= Geraldine Hemus =

New Zealand lawyer (1876–1969)

Geraldine Marian Hemus (11 November 1876 – 11 January 1969) was a New Zealand lawyer. She was the third woman in New Zealand to be admitted to the bar to practise law as a barrister and solicitor. Hemus also held positions with the National Council of Women of New Zealand and was a prominent member of the Auckland Theosophical Society.

== Early life ==
Hemus was born in Auckland on 11 November 1876, to Charles Hemus (a photographer) and Gertrude Evangeline Edger (a sister of Kate Edger, the first woman New Zealand to earn a university degree in New Zealand). Both her parents were immigrants from England and highly involved in theosophy. Their family home in Ponsonby was a centre for discussion and educational groups.

Hemus was educated at Ponsonby College, passing the matriculation examination in 1893 and the Senior Civil Servants Examination in 1895. She also studied shorthand with the Auckland Shorthand Writers' Association.
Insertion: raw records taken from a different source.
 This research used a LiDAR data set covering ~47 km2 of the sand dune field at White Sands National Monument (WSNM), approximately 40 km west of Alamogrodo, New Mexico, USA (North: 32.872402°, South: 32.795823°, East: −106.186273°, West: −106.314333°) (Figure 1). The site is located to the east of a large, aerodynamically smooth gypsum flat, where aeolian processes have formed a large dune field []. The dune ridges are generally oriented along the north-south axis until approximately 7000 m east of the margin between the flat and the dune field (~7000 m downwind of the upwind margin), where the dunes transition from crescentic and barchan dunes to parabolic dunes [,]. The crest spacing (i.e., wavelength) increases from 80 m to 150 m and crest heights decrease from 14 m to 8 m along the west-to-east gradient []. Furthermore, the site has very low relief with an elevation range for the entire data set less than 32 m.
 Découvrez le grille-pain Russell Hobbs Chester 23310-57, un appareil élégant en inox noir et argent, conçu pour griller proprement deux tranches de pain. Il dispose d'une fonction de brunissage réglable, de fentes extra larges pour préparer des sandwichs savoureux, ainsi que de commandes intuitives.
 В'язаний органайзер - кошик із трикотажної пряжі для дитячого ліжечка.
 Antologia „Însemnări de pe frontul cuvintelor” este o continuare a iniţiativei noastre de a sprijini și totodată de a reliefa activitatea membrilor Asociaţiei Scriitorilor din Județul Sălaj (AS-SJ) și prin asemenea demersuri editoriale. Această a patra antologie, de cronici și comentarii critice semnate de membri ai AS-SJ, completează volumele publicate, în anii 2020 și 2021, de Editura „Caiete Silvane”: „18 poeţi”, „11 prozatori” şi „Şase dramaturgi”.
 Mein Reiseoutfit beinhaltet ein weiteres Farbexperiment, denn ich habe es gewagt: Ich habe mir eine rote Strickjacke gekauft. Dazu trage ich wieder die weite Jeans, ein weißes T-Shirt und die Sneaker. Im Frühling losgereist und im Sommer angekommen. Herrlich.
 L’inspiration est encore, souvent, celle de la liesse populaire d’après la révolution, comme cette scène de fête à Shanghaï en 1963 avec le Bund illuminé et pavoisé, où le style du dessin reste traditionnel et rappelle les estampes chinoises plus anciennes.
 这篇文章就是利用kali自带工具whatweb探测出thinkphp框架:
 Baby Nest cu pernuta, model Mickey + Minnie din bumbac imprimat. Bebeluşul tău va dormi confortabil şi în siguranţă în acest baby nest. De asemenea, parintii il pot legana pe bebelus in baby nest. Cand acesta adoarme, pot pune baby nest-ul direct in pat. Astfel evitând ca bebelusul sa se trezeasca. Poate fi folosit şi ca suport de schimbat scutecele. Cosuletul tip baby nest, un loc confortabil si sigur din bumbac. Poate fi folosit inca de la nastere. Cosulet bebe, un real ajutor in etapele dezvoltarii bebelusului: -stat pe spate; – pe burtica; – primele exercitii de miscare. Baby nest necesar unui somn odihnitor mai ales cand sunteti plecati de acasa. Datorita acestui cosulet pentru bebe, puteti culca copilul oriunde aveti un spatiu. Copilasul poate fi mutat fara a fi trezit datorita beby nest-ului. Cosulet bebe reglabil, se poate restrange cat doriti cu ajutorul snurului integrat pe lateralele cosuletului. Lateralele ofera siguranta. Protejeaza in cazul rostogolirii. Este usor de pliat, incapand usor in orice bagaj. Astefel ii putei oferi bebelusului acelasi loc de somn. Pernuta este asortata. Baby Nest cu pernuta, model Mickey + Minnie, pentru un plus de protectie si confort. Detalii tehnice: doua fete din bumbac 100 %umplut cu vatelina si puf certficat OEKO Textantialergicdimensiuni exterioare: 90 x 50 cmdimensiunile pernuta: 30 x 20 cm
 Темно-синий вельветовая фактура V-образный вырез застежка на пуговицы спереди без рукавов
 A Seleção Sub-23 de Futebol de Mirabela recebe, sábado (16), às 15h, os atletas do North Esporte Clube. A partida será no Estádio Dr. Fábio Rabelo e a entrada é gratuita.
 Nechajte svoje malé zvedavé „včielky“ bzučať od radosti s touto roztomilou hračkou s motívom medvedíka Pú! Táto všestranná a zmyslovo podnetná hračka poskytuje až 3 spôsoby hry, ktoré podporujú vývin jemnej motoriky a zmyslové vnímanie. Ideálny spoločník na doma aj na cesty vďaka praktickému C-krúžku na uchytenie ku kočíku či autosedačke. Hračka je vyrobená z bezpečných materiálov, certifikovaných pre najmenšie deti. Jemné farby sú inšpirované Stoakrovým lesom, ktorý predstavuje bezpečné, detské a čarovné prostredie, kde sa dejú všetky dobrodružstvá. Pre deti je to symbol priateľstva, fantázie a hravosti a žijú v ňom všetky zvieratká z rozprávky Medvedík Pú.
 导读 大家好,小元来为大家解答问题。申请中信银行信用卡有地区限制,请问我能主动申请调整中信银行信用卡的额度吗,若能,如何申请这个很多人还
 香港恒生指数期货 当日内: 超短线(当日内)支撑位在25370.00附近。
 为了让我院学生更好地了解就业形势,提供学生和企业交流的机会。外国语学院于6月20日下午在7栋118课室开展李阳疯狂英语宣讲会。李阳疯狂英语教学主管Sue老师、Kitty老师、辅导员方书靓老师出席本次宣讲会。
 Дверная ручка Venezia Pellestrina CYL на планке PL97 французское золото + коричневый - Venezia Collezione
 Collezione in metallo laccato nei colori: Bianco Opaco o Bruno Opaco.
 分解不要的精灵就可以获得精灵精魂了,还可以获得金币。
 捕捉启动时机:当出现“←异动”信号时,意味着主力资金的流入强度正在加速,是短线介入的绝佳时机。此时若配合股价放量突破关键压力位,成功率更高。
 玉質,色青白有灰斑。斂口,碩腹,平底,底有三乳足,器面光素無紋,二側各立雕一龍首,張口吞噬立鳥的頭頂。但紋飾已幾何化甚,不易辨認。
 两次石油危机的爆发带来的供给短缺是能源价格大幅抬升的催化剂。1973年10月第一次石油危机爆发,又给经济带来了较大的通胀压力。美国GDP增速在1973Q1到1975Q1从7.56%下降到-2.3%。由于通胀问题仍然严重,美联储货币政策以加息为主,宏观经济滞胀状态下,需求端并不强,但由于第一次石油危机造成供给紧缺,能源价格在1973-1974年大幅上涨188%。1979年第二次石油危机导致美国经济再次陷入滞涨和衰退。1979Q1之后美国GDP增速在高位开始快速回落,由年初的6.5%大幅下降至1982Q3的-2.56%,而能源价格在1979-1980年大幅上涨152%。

Hemus went on to study law at Auckland University College.

== Career ==
In 1898, she became an articled clerk with Christopher James Parr, a sole practitioner. She was the first woman in Auckland to hold such a position. She later moved to work with the firm Neumegen and Elliott. Hemus was admitted as a barrister and solicitor on 15 February 1907. At some point she left Neumegen's firm and opened a sole practitioner's office.

Hemus was treasurer of the Auckland branch of the National Council of Women for most of the 1930s, and held the position of branch President from 1938 to 1941. In 1940, in her role as president, she sent a letter to Justice Minister HGR Mason, recommending the appointment of women associates in Magistrates' Courts for domestic proceedings.

Hemus also served as treasurer for the New Zealand executive of the Theosophical Society. She often spoke at the Theosophical Society public lectures, on topics such as "The Power of Thought", "Justice or Mercy, Which?", "The change that we call death", and "Prohibition: Some points of view". She was instrumental in the establishment of the Vasanta Garden School, which opened in Epsom in 1919, and was based on theosophical ideas of education. She continued as President of the Vasanta Garden School Trust Board during the 1930s.